AN AGEING workforce and an emerging baby boomer retirement wave are driving more companies toward strategic workforce planning, according to a recent US report
AN AGEING workforce and an emerging baby boomer retirement wave are driving more companies toward strategic workforce planning, according to a recent US report.
Strategic workforce planning involves analysing and forecasting the talent that companies need to execute their business strategy.
This relatively new management process is being used increasingly to help control labour costs, assess talent needs, make informed business decisions such as where to open new facilities or whether it’s more cost effective to add full-time employees or contractors, and to assess human-capital needs and risks as part of overall enterprise risk management.
Strategic workforce planning is aimed at helping companies make sure they have “the right people in the right place at the right time and at the right price”, The Conference Board report found.
Other forces driving strategic workforce planning include: current movement and projected labour shortages; globalisation; the growing use of contingent, flexible workers; the need to leverage human capital to enhance return; mergers and acquisitions; and the evolution of workplace technology and tools.

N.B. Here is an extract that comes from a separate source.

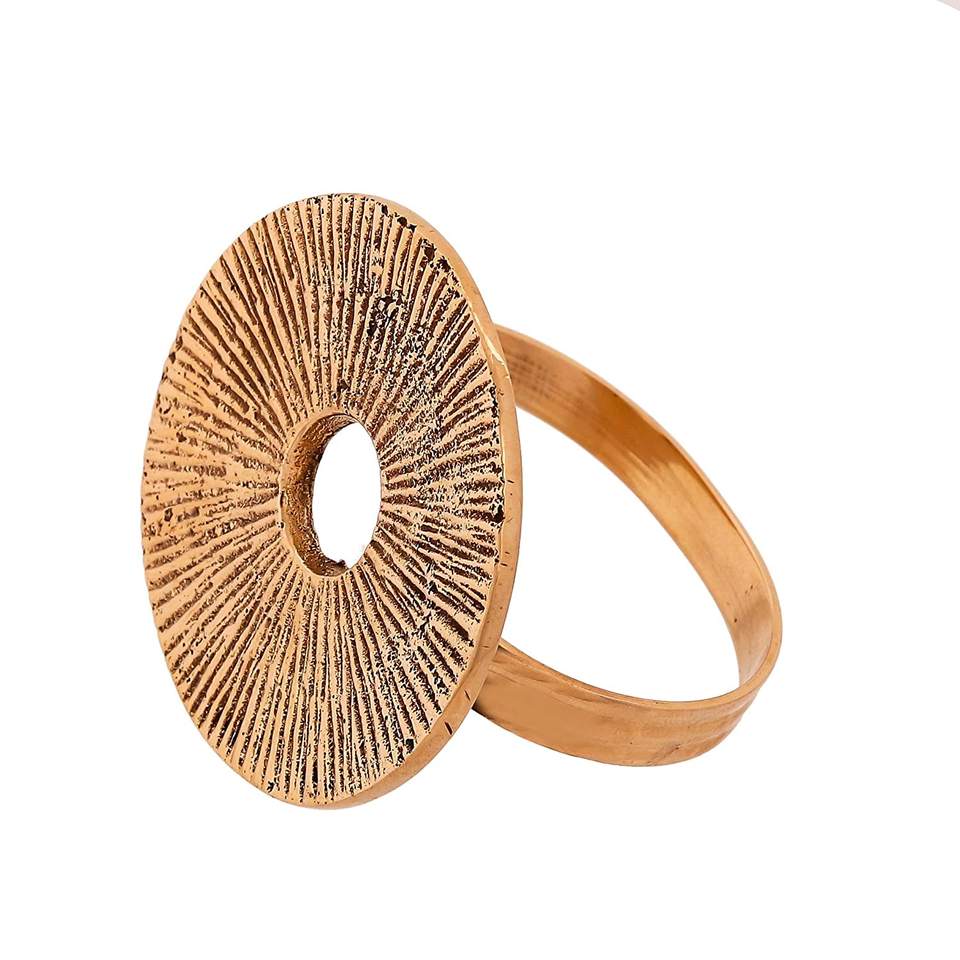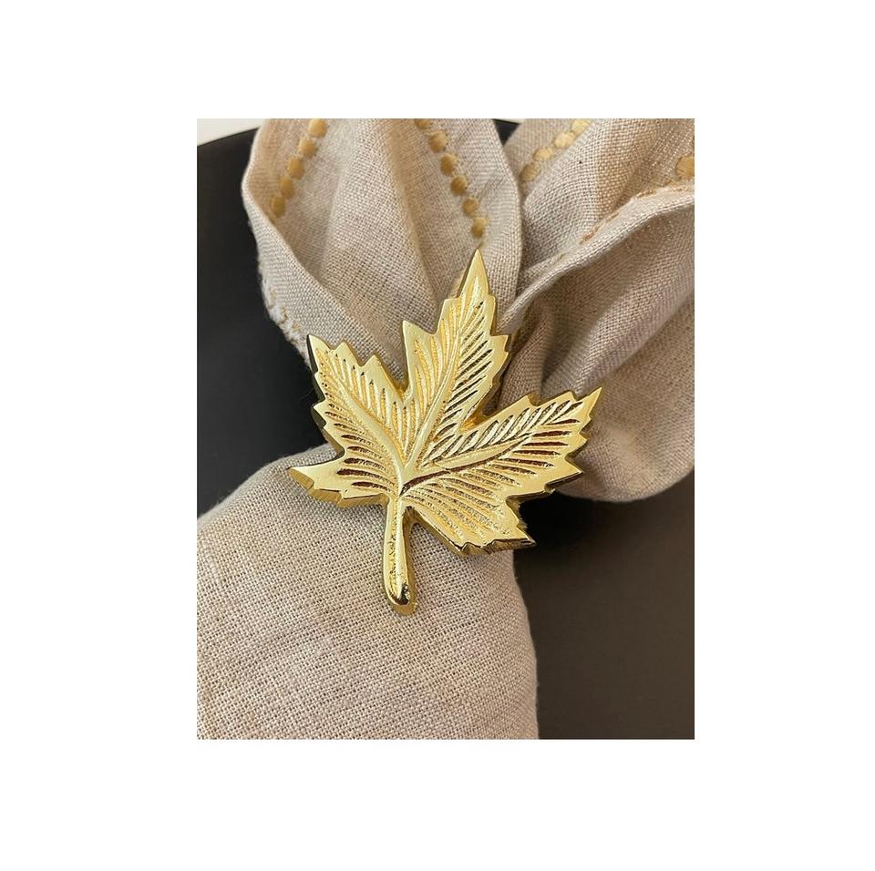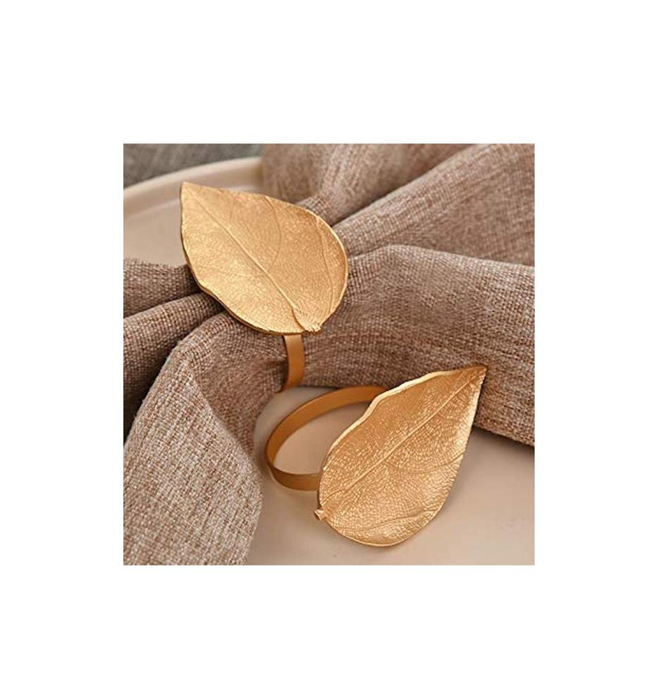 ชุดแหวนห่วงโลหะรูปใบไม้คู่สีทอง2ชิ้นดีไซน์จากโลหะที่ทำด้วยมือเพื่อการตกแต่งโต๊ะที่ได้แรงบันดาลใจจากธรรมชาติและสง่างาม
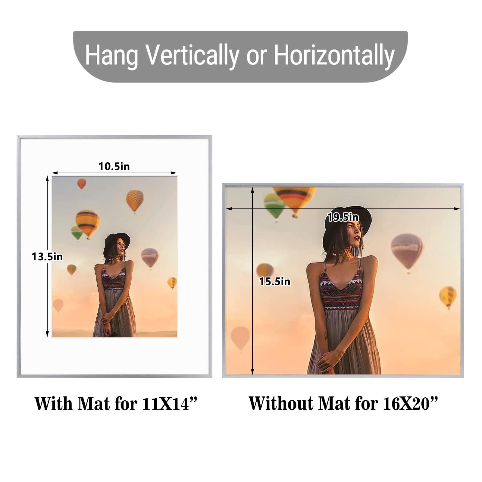 , 16x20 Aluminum Picture Frame - 16 x 20 Silver Frame with Removable Mat for ...

“In many companies, traditional workforce planning was an onerous process that HR imposed on management,” said Mary Young, senior research associate for The Conference Board.
“Too often, the net result was a humongous report, blinding spreadsheets, and a dizzying amount of data that provided very little value to the business.”
Methodology is rapidly advancing in response to changing business needs and new tools and technology.
Some organisations have enhanced the simple gap analysis (workforce demand versus supply) that constitutes traditional workforce planning by adopting the logic and analytical tools of other corporate functions, such as finance, strategic planning, risk management, and marketing, the study found.
But the crux of strategic workforce planning is conversation and a process of enquiry, rather than reliance on spreadsheets crammed with tiny numbers.
To engage senior executives in workforce planning, the process must focus on understanding the strategic business plan and its broad implications for the company’s workforce.
Establishing consistent, organisation-wide data is a prerequisite to winning executives’ confidence in the results of strategic workforce planning, the Strategic Workforce Planning: Forecasting Human Capital Needs to Execute Business Strategyreport found.
Other challenges include making the process and tools simple and efficient, developing HR’s capabilities and comfort level, establishing a common language to describe jobs and required competencies, integrating workforce planning with business and budget planning, and driving the plan deep into the organisation.
Most companies are still in the process of fully implementing strategic workforce planning or realising its ultimate potential.
Organisations still in the process of implementing workforce planning already report benefits such as generating insights and knowledge executives can use to make business decisions, providing a deeper and more nuanced understanding of workforce dynamics than was previously available.
It also enables HR to realise its long-held desire to become a player and a valued contributor to high-level business strategy decisions among other executives.
“Strategic workforce planning enables the organisation to slice and dice its workforce data to discover critical issues, compare different groups, understand patterns and trends, home in on critical segments of the workforce such as mature workers and top performers, and customise its approach to managing different segments of its workforce,”said Young.
“By enabling leaders to see across lines of business, workforce planning can leverage talent within a company. Ultimately, the same workforce planning database tools will enable employees to shop for new jobs, assess their own developmental needs, and prepare for career moves inside the organisation.”
The report recommended that organisations build on previous successes, such as succession planning or embryonic workforce planning efforts, as a first step in company-wide implementation.
It also stressed that HR look for partners in departments such as finance and IT to move the process forward.
“While no organisation claims to have achieved it yet, many believe that the ultimate payoff from strategic workforce planning will be a vibrant, internal job market that transcends the boundaries between business units and geographies,” said Young.
“The company will be able to mine employee data to locate talent anywhere in the organisation, woo passive job candidates, and find the best use for each employee.”
Workforce planning at five major firms
The traditional approach to workforce planning analyses the gap between supply and demand, and creates a plan to address future staffing needs. This method is used by Providence Health System, as described in The Conference Board report.
The workforce analytics approach mines current and historical employee data to identify key relationships among variables and between workforce and business data. Dow Chemical has favoured this approach throughout the ten-year evolution of its workforce planning process.
The forecasting and scenario modelling approach uses data to create forecasts incorporating multiple 'what if' scenarios, which enable executives to evaluate strategic options. A major bank described in the study can decide where to locate a new call centre based, in part, on this kind of analysis and forecasting.
Human capital planning, as used by Corning and others, segments jobs based on their "mission criticality" and makes different levels of workforce investment in each segment. It focuses on broad trends over a three to four year period, rather than on a precise headcount and short term plans.
Hewlett-Packard and IBM are two of the companies described in The Conference Board report as committed to relying on strategic workforce planning, which must be customised to the specific conditions and needs of each company.
In IBM's case, HR and finance departments help senior business leaders plan realistically to execute their business strategy and manage drivers of labour costs. For HP, high-level discussions and a two-way educational process between business leaders and HR emphasises the qualitative over the quantitative.